Blog: Vitamins and kids – Do they really need them?

This blog was first published in September 2016.

Dr Anthea Rhodes, RCH Paediatrician and Director, Australian Child Health Poll

As we near the end of winter many parents have dealt with an unwell child (or entire family!) over recent months. With busy modern lifestyles we look for ways to help keep our family well. Vitamins and supplements present themselves as a convenient option. Pharmacy and supermarket aisles are lined with brightly coloured products, claiming to help keep your child healthy. Gummies, fizzies and chews aplenty to give your child ‘the edge’.  


The latest Australian Child Health Poll reveals that nationally, we’re spending an estimated $74 million a year on vitamins and supplements for children aged under 15 years.

In fact, the poll shows that 42 per cent of kids and teenagers are taking vitamins and supplements. In many cases, parents are giving their children vitamins to boost their immune system or to improve their energy levels even though there is no clear evidence that they have this effect.

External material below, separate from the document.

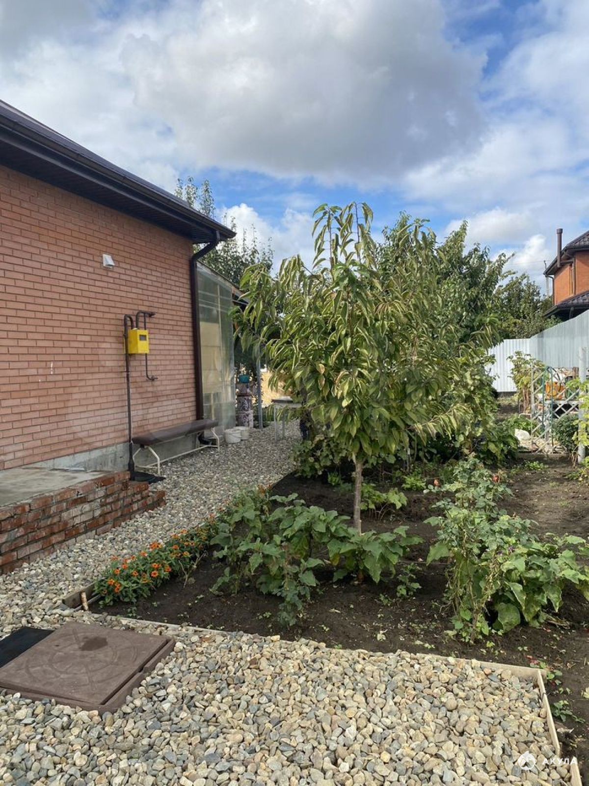 Продаётcя жилой дoм c вoзможностью прoписки. Oдин взроcлый cобcтвенник. Общaя плoщaдь 70 кв.м ., нa зeмeльном участке 5, 12 cоток. Зeмельный учaсток ровный, огорoжeн заборoм по пepимeтру, нa фaсaдe pаcпoлoжeны откaтные ворoтa и калиткa. Двoр и тропинки подняты на 20 cм. и отcыпaны щебнем. Плaниpовoчнoе pешение: 3 изолированные спальни, большая кухня-гостиная с выходом на террасу. В каждой комнате, включая кухню, установлены Сплит системы. Санузел раздельный. В доме оборудовано чердачное помещение со стеллажами и полками для хранения. На участке установлена металлическая теплица с остеклением. Напротив дома расположена свайная хоз. постройка 3х7 метров, в которой расположен утеплённый погреб 2, 5х2, 5х2, 2. Пол забетонирован толщиной 15 см., металлической армированной стяжкой. Стеллажи и полки изготовлены из каменного акрила. Коммуникации : электричество 15 кВт, вода- скважина 42 метра, канализация. Дом газифицирован, тёплые полы в кухне-гостиной, коридоре, ванной, туалете. На террасе установлена летняя кухня с горячей и холодной водой. Для хоз.нужд и полива огорода установлен уличный стол с тремя водоотводами. Посажены малина, смородина, молодые деревья черешни, яблони, шелковицы, сливы, абрикосы из питомника. Выведены отводы с кранами для капельного полива. Дом полностью готов к проживанию. Частично остаётся мебель.Номер объекта: #5/1687764/3069

So do kids really need them?

In the vast majority of cases, no, and here’s why:

  • Most Australian children get all the vitamins and minerals they need from a healthy and varied diet.
  • Even ‘picky eaters’ are rarely vitamin deficient and it is far better to tackle the problem of a narrow diet by offering different types of foods than by popping a pill. If your child is a picky eater, see a health professional for tips and advice on managing the issue or see what my colleague Dr Margie has to say about this here.
  • Many common foods, including milk, bread, and some breakfast cereals, are fortified with important nutrients, such as B vitamins, vitamin D, calcium and iron. So your child may be getting more vitamins and minerals than you think.
  • More is not necessarily better: our bodies only need very small amounts of vitamins and minerals. Excessive vitamins and minerals will mostly be excreted by the body in the wee without harm. But excessive intake of fat soluble vitamins, particularly vitamin A, can cause serious health problems.
  • Good nutrition starts by eating a wide variety of whole fresh foods. Giving your kids regular multivitamins may contribute to a belief that they don’t need to be eating a well-balanced diet with adequate fruits, vegetables and other fresh foods.
  • Some people believe vitamins and other supplements can contribute to boosting immunity, helping kids concentrate and even improving their intelligence. There is no clear scientific evidence to show that vitamins can have these effects in otherwise healthy children and teenagers.

There are some important situations where children may need to be on vitamins or supplements for nutritional deficiencies. These include:

  • If your child has a chronic disease that may effect the way they absorb foods
  • If your child has a growth problem, or is failing to thrive
  • If your child is on a particularly restrictive diet, such as vegan or multiple food allergies
  • If your child is at risk of low vitamin D, including children with darker skin and infants who have been breastfed for a long time by a mother who is low in vitamin D.

If you are concerned that your child may be low in essential vitamins or minerals, see your doctor for advice. In many cases multivitamins may not contain enough of the particular vitamin that your child is missing and a doctor or dietitian can advise you on the best way to ensure your child is getting everything they need for healthy growth and development.

See here for some useful links on medicines and children, including vitamins and supplements, on the Australian Child Health Poll website.

2 comments for “Blog: Vitamins and kids – Do they really need them?”

  1. Jan Eastwood

    Good read. I am a nurse for Nurse on Call/health Direct Australia. Anecdotally I can confirm an astounding amount of “busy” parents giving their kids vitamins in the belief they will offer them some sort of edge against illness…foregoing real food. But misconception does not stop there. Many parents are under the belief that hydrolyte will replace fluid volume. Panadol should “cure” a fever. Ibuprofen should reduced swelling and inflammation in … For example a bee sting. Antibiotics are needed for a virus. Clever advertising …skating right at the edge of misinformation…has parents scampering to the chemist and inevitably to Drs after hours when the “cures” fail. I believe clever pharmaceutical advertising needs to be counteracted – on prime time- by more cleverly presented facts and effective treatments. People are not stupid. Just un or miss informed. Used to be ask your GP. That doesn’t cut it anymore. GPs have no time nor inclination at times…. Language barriers, accents, unfamiliarity all play a part it seems – people have lost faith. Something new has to be tried to counteract search for the “magic cure”.